▶ **What is being asked**:
Copy out the listing that follows, exact in every word, and skip the images.
::::::::
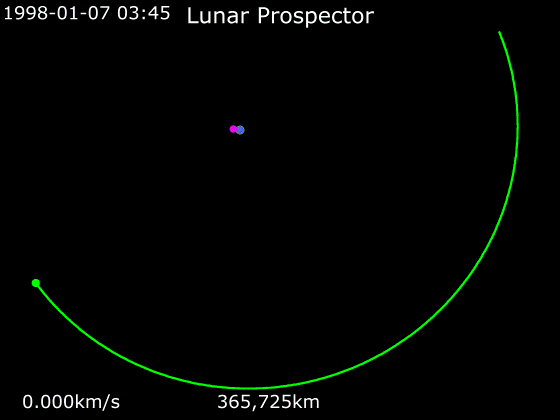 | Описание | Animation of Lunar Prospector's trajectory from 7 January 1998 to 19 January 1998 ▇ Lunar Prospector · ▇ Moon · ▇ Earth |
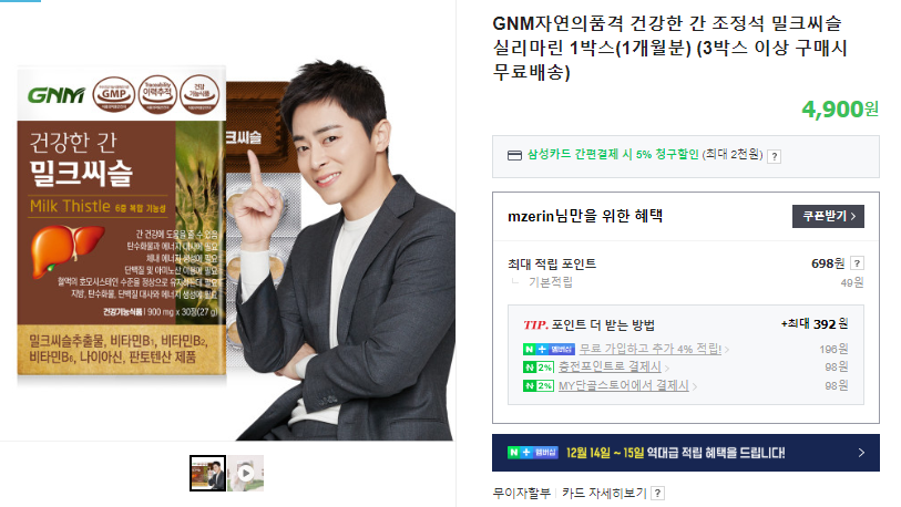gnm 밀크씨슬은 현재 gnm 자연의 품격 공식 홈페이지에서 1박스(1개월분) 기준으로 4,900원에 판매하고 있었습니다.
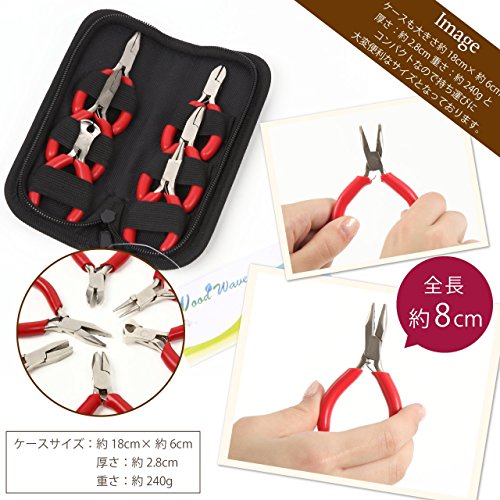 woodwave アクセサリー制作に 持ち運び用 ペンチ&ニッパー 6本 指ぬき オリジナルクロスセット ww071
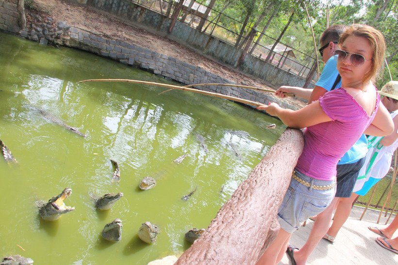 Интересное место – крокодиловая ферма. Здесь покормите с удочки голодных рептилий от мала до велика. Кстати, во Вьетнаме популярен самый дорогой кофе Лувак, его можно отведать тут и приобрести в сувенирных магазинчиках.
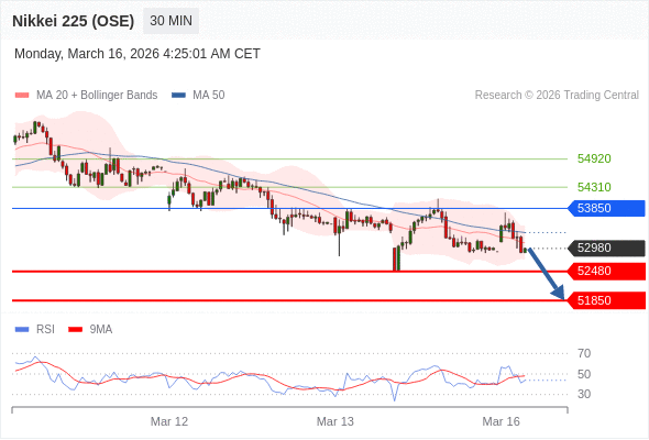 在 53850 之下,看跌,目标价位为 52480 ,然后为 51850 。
::::::::
▶ **Solution to this problem**:
 | Описание | Animation of Lunar Prospector's trajectory from 7 January 1998 to 19 January 1998 ▇ Lunar Prospector · ▇ Moon · ▇ Earth |
gnm 밀크씨슬은 현재 gnm 자연의 품격 공식 홈페이지에서 1박스(1개월분) 기준으로 4,900원에 판매하고 있었습니다.
 woodwave アクセサリー制作に 持ち運び用 ペンチ&ニッパー 6本 指ぬき オリジナルクロスセット ww071
 Интересное место – крокодиловая ферма. Здесь покормите с удочки голодных рептилий от мала до велика. Кстати, во Вьетнаме популярен самый дорогой кофе Лувак, его можно отведать тут и приобрести в сувенирных магазинчиках.
 在 53850 之下,看跌,目标价位为 52480 ,然后为 51850 。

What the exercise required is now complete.